When reality bleeds Void energy, nearby conscious minds shape it. Unconsciously. Based on their beliefs.

Near human settlements? The stones grow in divine patterns (because they believe it's divine).
Near Elven groves? They grow like roots (because they believe it's natural).
Near dragon lairs? They incorporate fossilized dragon essence (because they believe the legends).

The Void is chaos. Raw, unformed potential.

We're the ones giving it shape.

We're creating our own prisons.


Addendum: I've been approached by agents who want this research buried. They say "the truth would destabilize society."

They're right.

If people knew that Soulstones are shaped by belief, factions would lose their ideological foundations. The Church's divine mandate? False. The Elven sacred duty? Delusion. The Dwarven objective science? Biased.

Everything they fight for is built on a lie they're telling themselves.

I'm going into hiding. If you're reading this, I'm probably dead.

Don't tell them the truth.

Let them keep believing.

It's kinder.

GM Note: This is the secret truth. Players who discover this will face a choice: reveal it and shatter the world's belief systems, or stay silent and preserve the status quo.
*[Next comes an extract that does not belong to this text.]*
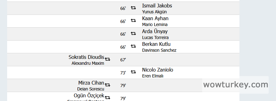 Oshimen bu maçta yer almadı, Sane onun yerine oynadı. 12. ve 45+12 (!?)'i dakikalarda Barış Alper 2 tane Eren Elmalı'da 16.dakika'da gol atmış. 66.Dakika'da 4 oyuncu değiştirmek'te tuhaf acaba Okan Buruk'un aklında ne var?

Neither is right.

Related Lore: Soulstone System | The Void | Faction Ideologies

Using Chronicle Entries in Play

Flavor Text

Read these aloud at the start of sessions to establish tone and foreshadow events.

Investigation Rewards

Players who research in Archives or question NPCs can uncover these as "loot" (knowledge instead of equipment).

Moral Dilemmas

Several Chronicles (especially IX and X) present ethical questions players must grapple with.

Campaign Foreshadowing

Chronicle VII (Dragon's Warning) and Chronicle IX (Screaming Choir) hint at late-game revelations.